Non-Allocable fees; which tend to deal with facilities management, student health services, intramural sports, and other general needs of the schools, are controlled by each school’s chancellor. Allocable fees pay for student services and student organizations and are controlled by each school’s student government.
By and large, the amount students pay for Non-Allocable fees far exceed the amount they pay for Allocable fees. Based on available figures from UW-Madison, students pay $6 in Non-Allocable fees for every $1 in Allocable fees or about $200 annually.
How this proposal is enacted by Gov. Walker has sent student governments and organizations scrambling to save their piece of the segregated fee pie. Shortly as Walker’s announcement, groups like the University of Wisconsin System Representatives, issued a statement to highlight all the good things segregated fees buy:
Student segregated fees are allocated by elected student governments and enable a wide range of services and student-life activities that everyone on campus can benefit from. They provide funding for key services that students can access free of charge, such as tutoring services, rape crisis centers, athletic programs, health services, cost-saving textbook rental programs, student-run radio stations, campus newspapers, and numerous services that facilitate student success. Additionally, student organizations funded by these fees are able to provide leadership and professional development opportunities which help to prepare students for the workforce.
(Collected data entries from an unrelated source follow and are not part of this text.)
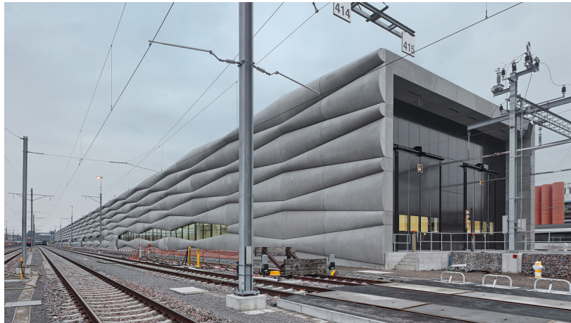
Exterior view Herdern Train Maintenance Depot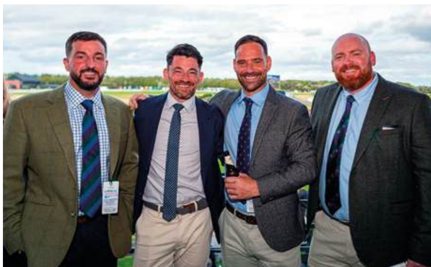
SCOTS Association members enjoying race day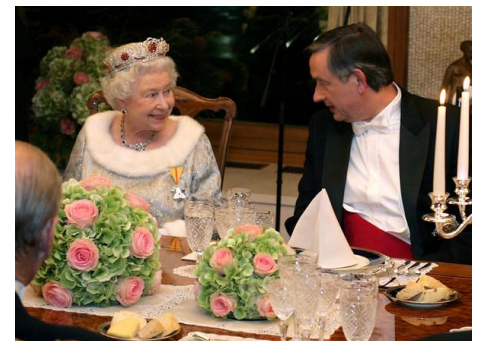
Queen Elizabeth and President Türk at the banquet at Brdo Castle

The Queen meanwhile underlined Slovenia's success as EU president, saying it was all the more striking considering that Slovenia had become an independent country only 17 years ago. "Slovenia's transformation since 1991 is a remarkable tribute to the country's energy, vision and determination."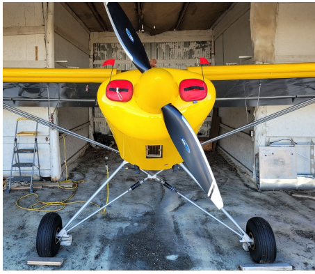
Preceptor STOL King Engine Plugs

That may all be true, but it is not the full story in regards to where all of these segregated fees are going to; particularly at UW-Madison where not every dollar can be said to do that. Case in point, two groups – SexOutLoud and MEChA – who do little to “provide leadership and professional development opportunities” or “prepare students for the workforce” based on their mission statement.
For instance “SexOutLoud” advertises itself as a group dedicated to “promote healthy sexuality through sex-positive education and activism,” claiming itself as nothing more than an adult version of the typical sex education class you had in Health Class years ago. But a look at its programs’ website uncovers one quickly graduates from basic sexual health, STDs, and birth control options to tips on how to please your lover in a bevvy of ways and positions, all the way to a class entitled “Kink 420,” a near-practical guide to BDSM.
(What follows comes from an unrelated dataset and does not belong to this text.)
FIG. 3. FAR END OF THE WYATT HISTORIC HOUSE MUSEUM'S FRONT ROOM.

Total organizational budget paid for by UW-Madison segregated fees in 2016-2017: $103,398.
Then there is the Movimiento Estuduantil Chicano de Aztlan, or M.E.Ch.A, which has been getting a portion of UW-Madison’s segregated fees for a number of years. Whether the UW-Madison communities knows it or not, the origins of M.E.Ch.A are remain highly controversial, particularly its stances of emphasizing “La Raza” or “The Race,” its belief in Aztlan (the idea of reclaiming the American Southwest for people of Aztec and Mayan descent), and severe nationalist ties. Even the group’s mission statement could seen as eyebrow raising.
M.E.Ch.A. was founded on the principles of self-determination for the liberation of our people.
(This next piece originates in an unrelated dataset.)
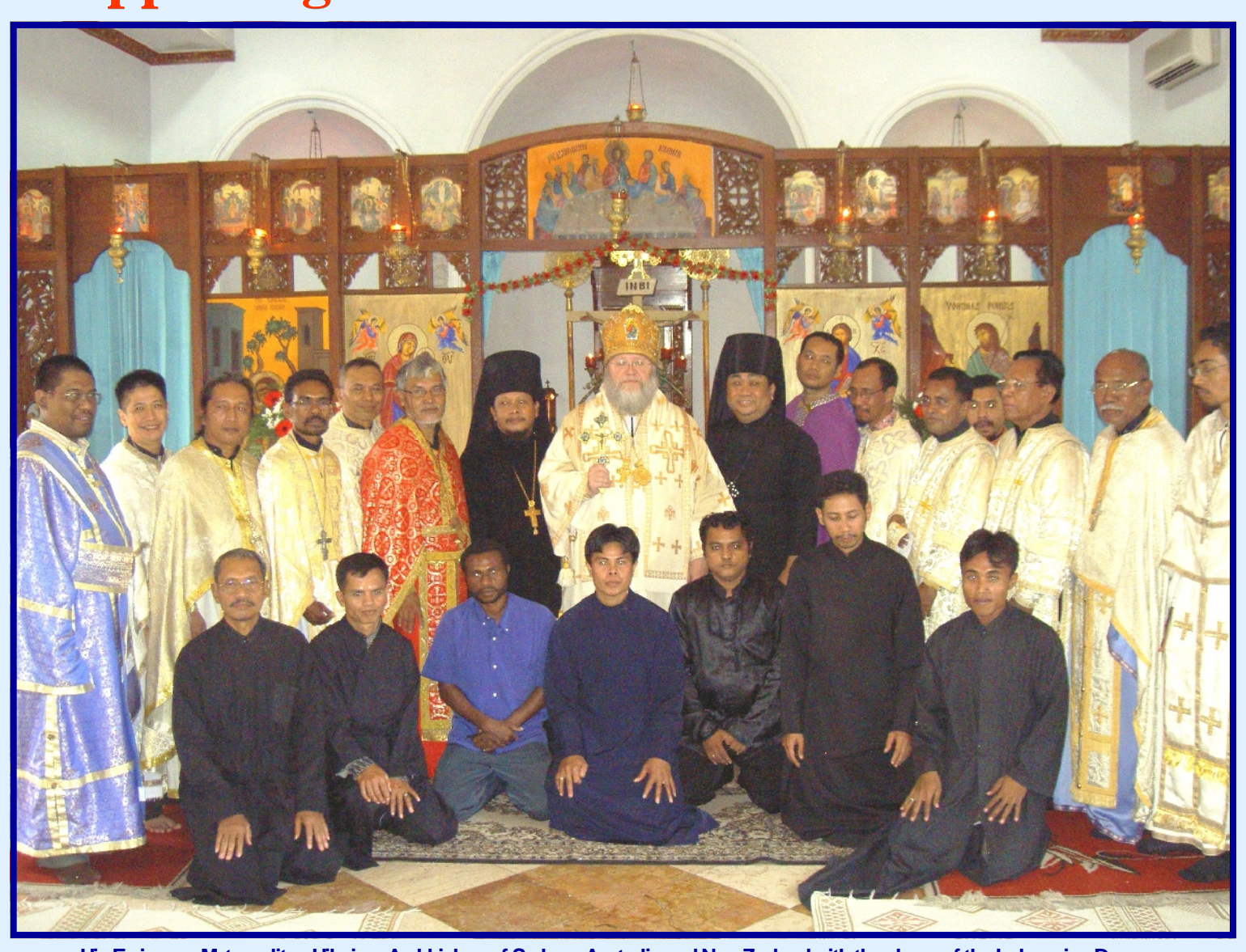
His Eminence Metropolitan Hilarion, Archbishop of Sydney, Australia and New Zealand with the clergy of the Indonesian Deanery in Holy Trinity Church, Solo, Central Java, Indonesia. Built in 1996 Holy Trinity was the first Orthodox church erected in Indonesia.

Supporting the Indonesian Orthodox Church

“Liberation of our people” from what exactly?
Total amount of segregated fees given to the organization for the 2016-2017 academic year: $87,248.
While the dollars given to these two organizations may seem trivial, they are prime examples of the type of fiscal mismanagement student governments have practiced when allocating student segregated fees. Mismanagement which is likely not isolated to UW-Madison, with plenty of examples waiting to be uncovered on the other UW System campuses and is raises a legitimate question whether students and parents want their money going to these organizations.